The nurse lifted her noble head and advanced slowly toward the canvas screen to return to her duties. "Miss Roseberry might have taken my hand!" she thought to herself, bitterly. No! Miss Roseberry stood there at a distance, at a loss what to say next. "What can you do for me?" Mercy asked, stung by the cold courtesy of her companion into a momentary outbreak of contempt. "Can you change my identity? Can you give me the name and the place of an innocent woman? If I only had your chance! If I only had your reputation and your prospects!" She laid one hand over her bosom, and controlled herself. "Stay here," she resumed, "while I go back to my work. I will see that your clothes are dried. You shall wear my clothes as short a time as possible."
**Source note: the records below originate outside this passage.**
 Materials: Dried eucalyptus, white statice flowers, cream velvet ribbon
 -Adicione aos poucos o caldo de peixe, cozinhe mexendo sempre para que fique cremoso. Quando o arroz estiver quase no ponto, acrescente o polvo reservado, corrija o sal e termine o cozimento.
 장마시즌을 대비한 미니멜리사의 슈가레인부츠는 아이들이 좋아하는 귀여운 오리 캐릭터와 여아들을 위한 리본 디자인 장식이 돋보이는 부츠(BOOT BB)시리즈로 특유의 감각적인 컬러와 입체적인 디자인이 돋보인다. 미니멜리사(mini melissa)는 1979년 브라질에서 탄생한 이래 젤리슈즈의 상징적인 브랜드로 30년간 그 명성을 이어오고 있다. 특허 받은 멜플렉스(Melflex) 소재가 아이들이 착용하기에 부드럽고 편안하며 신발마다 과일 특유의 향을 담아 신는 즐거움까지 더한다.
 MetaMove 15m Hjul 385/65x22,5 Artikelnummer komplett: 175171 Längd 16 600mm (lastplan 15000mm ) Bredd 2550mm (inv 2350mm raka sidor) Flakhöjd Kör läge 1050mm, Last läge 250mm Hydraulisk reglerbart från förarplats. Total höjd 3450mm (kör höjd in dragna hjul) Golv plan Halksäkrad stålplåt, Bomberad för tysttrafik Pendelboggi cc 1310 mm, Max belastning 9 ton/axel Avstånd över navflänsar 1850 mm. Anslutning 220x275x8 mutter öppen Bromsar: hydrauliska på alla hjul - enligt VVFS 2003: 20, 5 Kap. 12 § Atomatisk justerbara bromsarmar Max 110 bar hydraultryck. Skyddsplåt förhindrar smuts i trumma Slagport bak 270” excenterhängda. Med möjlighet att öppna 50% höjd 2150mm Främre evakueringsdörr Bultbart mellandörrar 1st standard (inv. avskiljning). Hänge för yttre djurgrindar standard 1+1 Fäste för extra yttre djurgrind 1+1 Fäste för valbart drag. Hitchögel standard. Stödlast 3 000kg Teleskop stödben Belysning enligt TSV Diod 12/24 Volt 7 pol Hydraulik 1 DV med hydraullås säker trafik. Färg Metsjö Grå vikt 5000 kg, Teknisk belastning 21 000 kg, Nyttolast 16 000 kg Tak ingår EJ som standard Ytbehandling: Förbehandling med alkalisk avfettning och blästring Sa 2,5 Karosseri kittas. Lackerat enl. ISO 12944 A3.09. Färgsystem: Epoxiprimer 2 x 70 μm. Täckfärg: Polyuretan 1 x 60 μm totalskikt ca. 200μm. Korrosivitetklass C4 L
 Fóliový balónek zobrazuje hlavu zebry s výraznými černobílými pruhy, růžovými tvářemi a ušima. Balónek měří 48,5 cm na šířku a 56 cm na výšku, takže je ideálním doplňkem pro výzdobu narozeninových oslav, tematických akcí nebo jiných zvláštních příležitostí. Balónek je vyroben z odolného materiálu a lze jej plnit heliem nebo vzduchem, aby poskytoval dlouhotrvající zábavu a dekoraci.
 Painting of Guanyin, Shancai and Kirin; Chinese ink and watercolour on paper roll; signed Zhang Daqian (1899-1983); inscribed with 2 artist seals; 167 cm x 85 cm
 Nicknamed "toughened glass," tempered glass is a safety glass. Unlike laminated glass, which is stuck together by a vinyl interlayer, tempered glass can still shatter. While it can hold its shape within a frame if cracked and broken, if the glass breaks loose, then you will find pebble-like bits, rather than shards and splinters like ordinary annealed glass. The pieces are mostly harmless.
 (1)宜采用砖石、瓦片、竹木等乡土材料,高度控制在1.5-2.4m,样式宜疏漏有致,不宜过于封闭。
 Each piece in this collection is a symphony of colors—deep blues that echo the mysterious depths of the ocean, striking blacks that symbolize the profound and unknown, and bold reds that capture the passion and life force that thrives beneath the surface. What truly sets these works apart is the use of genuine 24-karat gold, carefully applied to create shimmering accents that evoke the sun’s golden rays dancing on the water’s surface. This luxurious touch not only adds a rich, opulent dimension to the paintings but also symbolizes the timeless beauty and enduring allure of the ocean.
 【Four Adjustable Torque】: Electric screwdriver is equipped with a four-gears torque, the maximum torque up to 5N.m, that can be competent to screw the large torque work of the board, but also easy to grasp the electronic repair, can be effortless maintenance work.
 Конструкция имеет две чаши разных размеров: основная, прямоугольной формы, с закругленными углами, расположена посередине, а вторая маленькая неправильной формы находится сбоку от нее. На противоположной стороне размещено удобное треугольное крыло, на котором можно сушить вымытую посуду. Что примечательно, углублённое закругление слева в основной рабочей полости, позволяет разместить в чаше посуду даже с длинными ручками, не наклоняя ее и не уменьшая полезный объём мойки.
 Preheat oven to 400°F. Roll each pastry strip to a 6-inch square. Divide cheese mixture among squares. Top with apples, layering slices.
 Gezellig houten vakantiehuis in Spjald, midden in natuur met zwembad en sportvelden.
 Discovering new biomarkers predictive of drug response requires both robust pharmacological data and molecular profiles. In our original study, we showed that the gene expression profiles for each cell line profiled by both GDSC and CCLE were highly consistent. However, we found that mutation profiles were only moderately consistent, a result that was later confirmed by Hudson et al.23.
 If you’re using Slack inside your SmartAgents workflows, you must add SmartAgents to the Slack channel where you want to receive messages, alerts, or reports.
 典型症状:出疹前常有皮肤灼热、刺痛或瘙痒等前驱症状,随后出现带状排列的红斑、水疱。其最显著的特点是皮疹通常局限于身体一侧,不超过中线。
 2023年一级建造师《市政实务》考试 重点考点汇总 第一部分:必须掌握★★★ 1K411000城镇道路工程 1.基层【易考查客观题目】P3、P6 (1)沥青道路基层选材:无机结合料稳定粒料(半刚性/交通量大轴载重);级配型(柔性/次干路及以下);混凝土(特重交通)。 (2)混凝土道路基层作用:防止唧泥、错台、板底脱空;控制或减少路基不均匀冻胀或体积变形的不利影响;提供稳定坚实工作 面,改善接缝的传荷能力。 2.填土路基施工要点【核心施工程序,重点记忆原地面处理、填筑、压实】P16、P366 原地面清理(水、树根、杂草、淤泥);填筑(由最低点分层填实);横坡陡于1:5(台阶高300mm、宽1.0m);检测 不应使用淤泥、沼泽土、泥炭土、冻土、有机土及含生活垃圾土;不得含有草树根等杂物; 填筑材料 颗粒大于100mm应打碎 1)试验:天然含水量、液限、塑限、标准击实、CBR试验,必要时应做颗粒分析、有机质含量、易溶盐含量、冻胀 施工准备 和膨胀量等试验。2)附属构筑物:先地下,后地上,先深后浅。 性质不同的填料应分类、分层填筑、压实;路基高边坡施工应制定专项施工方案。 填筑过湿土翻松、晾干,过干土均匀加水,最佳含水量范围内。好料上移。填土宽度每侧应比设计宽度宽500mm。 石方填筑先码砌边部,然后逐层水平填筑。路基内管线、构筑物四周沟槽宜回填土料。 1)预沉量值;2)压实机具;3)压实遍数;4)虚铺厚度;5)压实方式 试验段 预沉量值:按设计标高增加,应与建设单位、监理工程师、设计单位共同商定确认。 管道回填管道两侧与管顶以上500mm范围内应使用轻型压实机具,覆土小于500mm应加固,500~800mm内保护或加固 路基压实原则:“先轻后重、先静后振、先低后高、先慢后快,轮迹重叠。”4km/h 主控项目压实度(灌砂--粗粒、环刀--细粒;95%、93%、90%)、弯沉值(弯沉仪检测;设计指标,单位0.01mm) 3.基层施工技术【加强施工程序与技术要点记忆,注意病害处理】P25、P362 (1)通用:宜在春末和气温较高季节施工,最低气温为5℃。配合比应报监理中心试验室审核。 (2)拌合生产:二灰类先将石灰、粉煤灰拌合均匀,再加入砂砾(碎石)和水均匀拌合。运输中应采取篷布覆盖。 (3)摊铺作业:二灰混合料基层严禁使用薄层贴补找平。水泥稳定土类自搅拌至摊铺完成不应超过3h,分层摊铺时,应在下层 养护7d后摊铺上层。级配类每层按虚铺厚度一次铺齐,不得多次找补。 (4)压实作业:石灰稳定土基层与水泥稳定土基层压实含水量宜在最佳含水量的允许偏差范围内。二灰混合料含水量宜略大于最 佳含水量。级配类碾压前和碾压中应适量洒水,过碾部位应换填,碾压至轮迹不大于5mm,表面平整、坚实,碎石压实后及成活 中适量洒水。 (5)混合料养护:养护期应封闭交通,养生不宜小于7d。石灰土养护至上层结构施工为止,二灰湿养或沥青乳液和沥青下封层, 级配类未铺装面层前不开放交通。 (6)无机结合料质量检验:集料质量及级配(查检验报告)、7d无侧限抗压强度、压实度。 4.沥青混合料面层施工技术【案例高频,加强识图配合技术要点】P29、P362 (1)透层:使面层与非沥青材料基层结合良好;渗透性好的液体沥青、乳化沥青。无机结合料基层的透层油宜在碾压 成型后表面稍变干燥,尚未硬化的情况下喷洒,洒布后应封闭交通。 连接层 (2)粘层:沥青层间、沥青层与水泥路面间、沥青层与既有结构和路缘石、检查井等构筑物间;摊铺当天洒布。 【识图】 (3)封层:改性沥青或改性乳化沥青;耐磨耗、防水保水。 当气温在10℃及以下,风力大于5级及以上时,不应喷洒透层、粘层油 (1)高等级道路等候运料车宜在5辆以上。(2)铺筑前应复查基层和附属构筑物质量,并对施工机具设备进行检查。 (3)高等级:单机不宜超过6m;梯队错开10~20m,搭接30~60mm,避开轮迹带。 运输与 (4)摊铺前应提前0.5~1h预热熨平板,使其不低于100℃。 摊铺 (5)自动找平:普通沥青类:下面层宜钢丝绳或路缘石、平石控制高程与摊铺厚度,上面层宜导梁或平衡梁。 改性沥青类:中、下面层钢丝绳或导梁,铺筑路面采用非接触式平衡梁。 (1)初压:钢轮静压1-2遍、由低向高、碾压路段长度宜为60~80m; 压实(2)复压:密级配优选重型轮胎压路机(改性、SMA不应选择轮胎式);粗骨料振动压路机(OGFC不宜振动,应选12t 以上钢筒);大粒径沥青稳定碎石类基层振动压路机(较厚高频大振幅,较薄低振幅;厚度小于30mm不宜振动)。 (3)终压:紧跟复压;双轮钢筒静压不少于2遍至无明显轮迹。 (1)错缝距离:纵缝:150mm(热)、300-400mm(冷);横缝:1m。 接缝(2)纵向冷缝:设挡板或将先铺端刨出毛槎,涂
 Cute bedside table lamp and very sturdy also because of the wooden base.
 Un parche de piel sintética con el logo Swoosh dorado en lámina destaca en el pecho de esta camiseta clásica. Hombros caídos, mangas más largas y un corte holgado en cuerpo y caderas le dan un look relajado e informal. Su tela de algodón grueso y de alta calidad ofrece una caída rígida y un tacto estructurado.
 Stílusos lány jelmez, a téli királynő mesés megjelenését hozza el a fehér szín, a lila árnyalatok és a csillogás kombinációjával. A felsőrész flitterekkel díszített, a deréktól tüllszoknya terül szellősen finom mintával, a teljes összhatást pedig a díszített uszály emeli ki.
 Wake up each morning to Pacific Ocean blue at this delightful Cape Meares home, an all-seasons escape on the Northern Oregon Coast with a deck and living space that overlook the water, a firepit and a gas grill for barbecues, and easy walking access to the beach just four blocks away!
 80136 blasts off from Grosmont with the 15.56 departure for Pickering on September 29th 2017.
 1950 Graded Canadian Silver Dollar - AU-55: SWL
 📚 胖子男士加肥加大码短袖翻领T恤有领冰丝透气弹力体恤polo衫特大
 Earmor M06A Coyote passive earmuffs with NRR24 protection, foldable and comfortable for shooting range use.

With those melancholy words—touchingly, not bitterly spoken—she moved to pass into the kitchen, when she noticed that the pattering sound of the rain against the window was audible no more. Dropping the canvas for the moment, she retraced her steps, and, unfastening the wooden shutter, looked out.

The moon was rising dimly in the watery sky; the rain had ceased; the friendly darkness which had hidden the French position from the German scouts was lessening every moment. In a few hours more (if nothing happened) the English lady might resume her journey. In a few hours more the morning would dawn.

Mercy lifted her hand to close the shutter. Before she could fasten it the report of a rifle-shot reached the cottage from one of the distant posts. It was followed almost instantly by a second report, nearer and louder than the first. Mercy paused, with the shutter in her hand, and listened intently for the next sound.